What Can We Learn from LLM? Self-Supervised Learning

Self-supervised learning (SSL) has been the key to the success of LLM. It benefits most from seas of Internet data as it uses data as it is without needing annotations and labels. Particularly when the training data is scaled up, the power of transformers is unleashed, according to scaling law. This is the terrian where only self-supervised learning can do, connecting the two beasts of data and weights. (Supervised transformer sounds like a fallacy to me.)

ssl-data-network

Self-supervised learning is the best way of combining massive data and huge network so far.

Representation Learning

The major outcome of self-supervised learning is to give powerful and meaningful latent representations for raw tokens, just by learning from the distribution of the massive data. Knowing the distribution of a data set is equivalent to knowing the correlations (joint probability) of its elements inside. This is why attention machanism can do a good job in this realm (Attention is correlation IMO). And when the data collection is large enough, it contains sufficient combinations of tokens for the hungry transformer network to learn from it.

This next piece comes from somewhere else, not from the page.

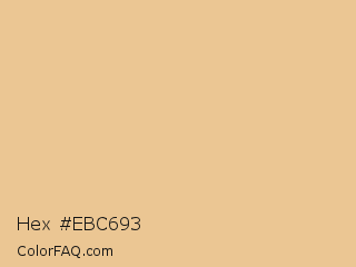 Hex #ebc693 Color is a light orange color and the nearest color is Putty #e7cd8c. Hex code #ebc693 and RGB value is rgb(235,198,147). In RGB color space, this color is composed of 92% red, 78% green, 58% blue, In CMYK color space, this color is composed of 0% cyan, 16% magenta, 37% yellow , 8% black , In HSL color space, this color has a hue angle of 35° , 69% saturation and 75% lightness.

Learning a good latent space is so important that we often call an encoder/auto-encoder foundation model if it is well trained to enable the downstream tasks such as decoding, diffusion or multi-modality alignment. There are two approaches that have proven successful: contrastive learning and generative learning. Contrastive learning needs to construct similar and dissimilar pairs from data samples. Although being prone to collapse and instablility issues, it is commonly used for multimodal alignment (such as CLIP) and translation tasks, where data naturally form pairs.

Generative or Contrastive

Personally, generative learning is more attractive to me than constrastive ones as it works in a way just like people thinking. If a network is able to generate meaningful things within or even without context as we do, I would achknowledge it has the intelligence as we have. The learning scheme is usually achieved by pre-text tasks, among which I like inpainting most.

Inpainting Task

Predicting a masked word in a sentence as defined by BERT is same as the cloze test I did in high school English exams. Visually, imagining missing parts of a scene is a task our brain is excel at. The pretraining job of completing an image from a masked input has been applied to single-view images (MAE), multi-view images (CroCo) and videos (VideoMAE), which enables the mono-vision, 3D vision and temporal vision tasks, respectively. It is still surprising to me that the networks are able to fill in meaningful visual content even more than 80% of the images are missing (e.g., MAE and CroCo).

ssl-inpainting

Inpainting capability is where intelligence emerges.

Conclusion

In conclusion, the scale of data will continue to grow, so are the network parameters. Self-supervised learning using pre-text tasks such as inpainting is the only way of making both parties work together. This lesson has already been learned by image and video diffusion model pretraining. But it’s just the beginning. Computer vison ecompasses many more tasks beyond diffusion, and the same practices should be transferred to all the other tasks, to achieve optimal success.